One year later, in December 1963, he helped Toledo score a "monumental upset" over New York University (at the time ranked second nationally). His coach Melvin described him as a "tremendous total player - rebounder, playmaker, scorer and defender" for his form that season after he averaged over 27 points the four previous games.
Jones, the Toledo captain and all-time second highest scorer, suffered a fractured knuckle on 13 January 1964 when he fell on ice after a practice. Before he could return from injury, he was suspended in early February for undisclosed disciplinary reasons.
It later emerged that he had been involved in a paternity suit. However all charges were dropped, his name was cleared and he was reinstated in early March, allowing him to play the final two games of the season.
He was an honorable mention All-American in the 1964 Newspaper Enterprise Association selection.

Professional career

Early career (1964-1967)
Jones was first drafted by the NBA's Los Angeles Lakers with a fifth round pick (43rd overall) in the 1963 NBA draft, however he played  another college season instead of turning professional.(see College career).
He then re-entered the 1964 NBA draft where he was chosen in the third round (20th overall pick) by the Philadelphia 76ers.
During the 1964-65 season he was sent by the Sixers to the Wilkes-Barre Barons of the Eastern League where he averaged 20 points per game. He was recalled to Philadelphia on 2 March 1965 due to injuries to backcourt players. At the end of an NBA season where he had averaged 5.7 points in 23 games, Jones was released.

Following his release, Jones played from 1965 to 1967 in the Eastern League, again with Wilkes-Barre. He was part of the Baltimore Bullets pre-season squad but was released in October 1966 and returned to the Barons.

Denver Rockets (1967-1970)
When the American Basketball Association was created in 1967, Jones called and wrote to every team in the league, the Denver Rockets were the only one to answer. He signed a $10,000 contract with the Rockets, the Eastern League disputed it and he had to stay in the team plane during his first game in Pittsburgh to avoid a subpoena.

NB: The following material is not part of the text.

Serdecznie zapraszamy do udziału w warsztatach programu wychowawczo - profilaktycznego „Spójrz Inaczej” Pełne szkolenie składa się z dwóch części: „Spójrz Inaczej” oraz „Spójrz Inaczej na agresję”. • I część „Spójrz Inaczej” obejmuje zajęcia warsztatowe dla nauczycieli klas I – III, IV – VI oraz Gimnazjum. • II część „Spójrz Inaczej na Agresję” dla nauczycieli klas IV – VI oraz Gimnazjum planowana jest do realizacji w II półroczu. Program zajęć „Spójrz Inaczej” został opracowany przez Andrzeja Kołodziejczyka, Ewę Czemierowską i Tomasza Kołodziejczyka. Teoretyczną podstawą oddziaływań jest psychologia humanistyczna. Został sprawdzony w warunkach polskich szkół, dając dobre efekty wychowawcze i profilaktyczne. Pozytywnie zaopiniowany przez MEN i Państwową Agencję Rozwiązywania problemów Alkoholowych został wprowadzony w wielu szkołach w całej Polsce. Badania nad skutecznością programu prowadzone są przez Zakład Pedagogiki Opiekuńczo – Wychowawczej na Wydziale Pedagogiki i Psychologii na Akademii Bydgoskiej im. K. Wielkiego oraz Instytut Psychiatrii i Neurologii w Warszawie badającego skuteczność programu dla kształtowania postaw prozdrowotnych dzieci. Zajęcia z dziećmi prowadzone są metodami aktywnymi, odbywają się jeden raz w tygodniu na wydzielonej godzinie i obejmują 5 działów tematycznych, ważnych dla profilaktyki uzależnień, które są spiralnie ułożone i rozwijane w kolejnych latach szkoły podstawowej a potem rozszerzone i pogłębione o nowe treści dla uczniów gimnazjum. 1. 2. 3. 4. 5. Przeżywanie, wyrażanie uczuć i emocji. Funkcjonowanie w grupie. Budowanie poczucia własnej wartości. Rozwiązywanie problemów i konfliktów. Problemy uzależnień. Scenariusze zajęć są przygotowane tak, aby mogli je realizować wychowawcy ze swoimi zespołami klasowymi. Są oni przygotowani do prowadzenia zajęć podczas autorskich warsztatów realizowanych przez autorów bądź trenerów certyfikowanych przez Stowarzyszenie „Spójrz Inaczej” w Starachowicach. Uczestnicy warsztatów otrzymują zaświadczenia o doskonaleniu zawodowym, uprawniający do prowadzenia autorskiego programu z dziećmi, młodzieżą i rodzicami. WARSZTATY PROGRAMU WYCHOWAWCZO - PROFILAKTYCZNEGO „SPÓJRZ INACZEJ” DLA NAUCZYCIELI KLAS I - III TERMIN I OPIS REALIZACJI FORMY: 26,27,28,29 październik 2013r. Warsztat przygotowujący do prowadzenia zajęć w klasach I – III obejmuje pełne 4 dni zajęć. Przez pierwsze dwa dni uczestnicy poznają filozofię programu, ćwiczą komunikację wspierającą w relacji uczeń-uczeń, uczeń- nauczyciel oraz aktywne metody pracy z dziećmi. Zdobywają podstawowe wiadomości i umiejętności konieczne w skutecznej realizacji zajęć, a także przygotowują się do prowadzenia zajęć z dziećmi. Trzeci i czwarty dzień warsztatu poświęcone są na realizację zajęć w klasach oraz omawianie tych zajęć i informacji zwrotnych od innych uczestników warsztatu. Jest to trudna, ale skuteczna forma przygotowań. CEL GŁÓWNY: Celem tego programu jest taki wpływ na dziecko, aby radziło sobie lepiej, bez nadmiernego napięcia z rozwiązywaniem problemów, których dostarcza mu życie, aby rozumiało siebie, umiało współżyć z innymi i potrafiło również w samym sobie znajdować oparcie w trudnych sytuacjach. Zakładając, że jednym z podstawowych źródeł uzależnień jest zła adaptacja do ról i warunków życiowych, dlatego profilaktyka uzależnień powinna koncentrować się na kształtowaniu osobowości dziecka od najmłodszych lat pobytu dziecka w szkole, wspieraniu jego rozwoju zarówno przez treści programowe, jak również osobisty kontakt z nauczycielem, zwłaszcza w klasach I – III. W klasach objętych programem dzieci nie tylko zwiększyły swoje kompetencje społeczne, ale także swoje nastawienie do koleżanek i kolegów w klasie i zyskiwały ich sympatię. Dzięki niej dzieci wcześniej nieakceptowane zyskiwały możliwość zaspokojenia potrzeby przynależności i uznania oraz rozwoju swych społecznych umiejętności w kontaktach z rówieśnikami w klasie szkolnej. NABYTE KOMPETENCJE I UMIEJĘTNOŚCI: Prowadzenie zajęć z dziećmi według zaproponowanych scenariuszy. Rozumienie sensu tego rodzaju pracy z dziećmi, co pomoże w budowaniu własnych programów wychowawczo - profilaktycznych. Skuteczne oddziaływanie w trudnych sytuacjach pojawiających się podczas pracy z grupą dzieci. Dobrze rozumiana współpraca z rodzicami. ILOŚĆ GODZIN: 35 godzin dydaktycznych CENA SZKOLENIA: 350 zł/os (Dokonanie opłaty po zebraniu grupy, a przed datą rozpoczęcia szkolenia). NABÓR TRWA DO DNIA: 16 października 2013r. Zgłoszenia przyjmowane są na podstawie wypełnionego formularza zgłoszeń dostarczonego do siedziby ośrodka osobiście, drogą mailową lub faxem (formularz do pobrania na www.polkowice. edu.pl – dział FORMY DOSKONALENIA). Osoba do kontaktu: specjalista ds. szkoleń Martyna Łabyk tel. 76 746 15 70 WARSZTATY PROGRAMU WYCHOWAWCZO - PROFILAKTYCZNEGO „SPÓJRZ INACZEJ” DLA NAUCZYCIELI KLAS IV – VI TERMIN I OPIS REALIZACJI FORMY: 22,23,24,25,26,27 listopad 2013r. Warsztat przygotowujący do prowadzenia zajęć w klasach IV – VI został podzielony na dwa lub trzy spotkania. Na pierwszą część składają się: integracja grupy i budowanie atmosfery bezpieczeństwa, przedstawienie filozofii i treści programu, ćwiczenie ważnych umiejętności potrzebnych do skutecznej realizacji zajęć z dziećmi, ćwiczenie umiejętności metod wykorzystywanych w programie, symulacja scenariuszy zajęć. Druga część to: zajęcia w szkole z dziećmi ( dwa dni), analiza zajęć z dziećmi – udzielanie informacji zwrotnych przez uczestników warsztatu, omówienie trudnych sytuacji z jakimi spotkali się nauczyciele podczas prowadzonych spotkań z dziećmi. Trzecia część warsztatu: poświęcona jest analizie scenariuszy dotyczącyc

Thanks to his excellent jump-shooting, Jones became a major player for Denver and the ABA in general, making three consecutive All-ABA First Teams from 1967 to 1970. He scored 30 points or more in 23 consecutive games during the 1968–69 ABA season. This included 52 points in a 133-123 win over the Houston Mavericks on 21 March 1969 which equalled his own club record. During this match he became the first ABA player to score over 2,000 points in a season. He finished the regular season with a league-leading 2,133 points as Denver lost in the playoffs first round to the Oakland Oaks.

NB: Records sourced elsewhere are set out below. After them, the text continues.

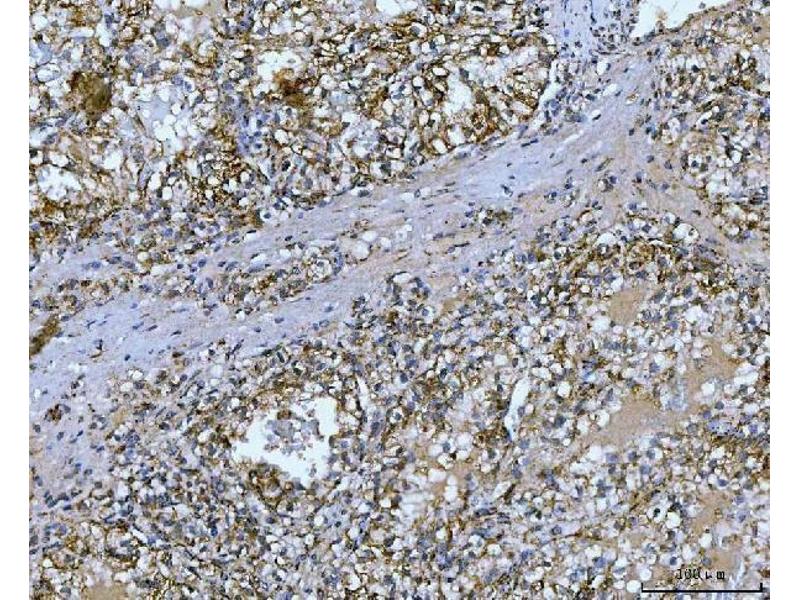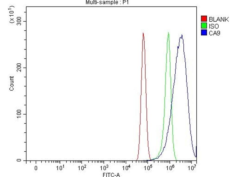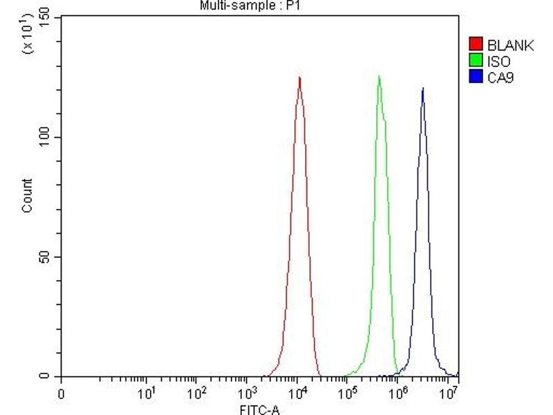 Background: Carbonic anhydrase IX (CA9/CA IX) is an enzyme that in humans is encoded by the CA9 gene. Carbonic anhydrases (CAs) are a large family of zinc metalloenzymes that catalyze the reversible hydration of carbon dioxide. They participate in a variety of biological processes, including respiration, calcification, acid-base balance, bone resorption, and the formation of aqueous humor, cerebrospinal fluid, saliva, and gastric acid. They show extensive diversity in tissue distribution and in their subcellular localization. CA IX is a transmembrane protein and is one of only two tumor-associated carbonic anhydrase isoenzymes known. It is expressed in all clear-cell renal cell carcinoma, but is not detected in normal kidney or most other normal tissues. It may be involved in cell proliferation and transformation. This gene was mapped to 17q21.2 by fluorescence in situ hybridization, however, radiation hybrid mapping localized it to 9p13-p12.
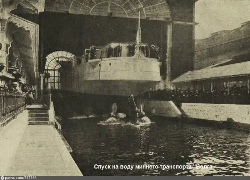 Затянувшееся на полгода согласование чертежей паровых машин привело к временному прекращению работ по корпусу и срыву первоначального срока спуска транспорта на воду, кроме того, Путиловскому заводу пришлось изготавливать заново забракованные кронштейны гребных валов. Таким образом, к погрузке котлов, также сделанных с опозданием, приступили только в марте 1904 года, а 22 июля они прошли гидравлические испытания. После освидетельствования спускового устройства, одновременно с закладкой канонерской лодки «Хивинец», 28 августа спустили на воду и минный транспорт «Волга». Внесенные в ходе постройки изменения (увеличение массы механизмов до 266,9 т, уменьшение числа мин до 312 и т. д.) привели к перераспределению нагрузок и вызвали опасения за остойчивость корабля. Это, а также недостаточные скорость и дальность плавания, вынудили МТК отклонить предложение о посылке транспорта на Дальний Восток во время русско-японской войны.
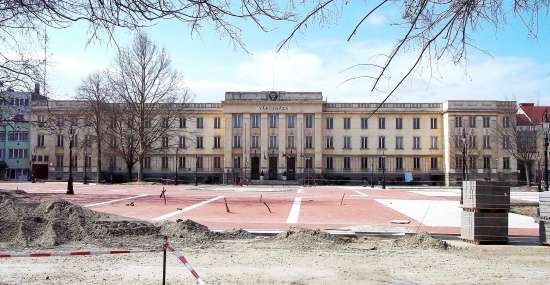 A változtatás tehát indokolt volt, bár az új építmény elég szerencsétlen módon kettévágta a teret. Menti a furcsa megoldást, hogy a pavilon mögötti területet a város majdani állandó színházának szánták.

Jones reached 5,000 career ABA points on 15 January 1970, becoming the first player in the league to do so. He scored 23 points against the Dallas Chaparrals to reach the mark, including two free-throws at the end of the game to secure the win for Denver. During the 1969-70 season he averaged 24.9 points in the regular season and 26.6 during the playoffs as the Rockets lost in the West finals. 
He was the top scorer of the 1970 ABA All-Star Game with 30 points, adding 6 rebounds and 5 assists. As the ABA Players' Association (ABAPA) President, Jones and the ABAPA threatened to sit out the game if the association was not recognized by ABA owners. They eventually arrived at the Indiana State Fairgrounds Coliseum at 1:39 PM, only twenty minutes before the game start.

Despite his tally, Jones was pipped to the All-Star Game MVP award (and assorted prizes such as a one-year Dodge Challenger lease) by Denver teammate Spencer Haywood.
This reflected Denver's payroll where Jones was replaced as the Rockets' highest-paid player by Haywood, a rookie, when he signed in 1969. In fact Haywood's $1.9 million contract (which included a $50,000 signing bonus) dwarfed Jones' $23,000 per year. Though Haywood left for the NBA after one season (as his contract deferred most of his salary for decades), Jones wasn't offered a revalued contract. He protested (once wearing a "railroad suit, claiming that was all he could afford") and obtained a trade to another team.
Jones was traded to the Floridians in June 1970 when Denver sent him, Greg Wittman and a No. 2 draft pick to the Floridians in exchange for Don Sidle, Larry Cannon and a No. 1 draft pick.
His Denver career ended with averages of 25.4 points and 4.2 assists in 226 regular-season games and 25.1 points and 5.6 assists in 20 playoff games.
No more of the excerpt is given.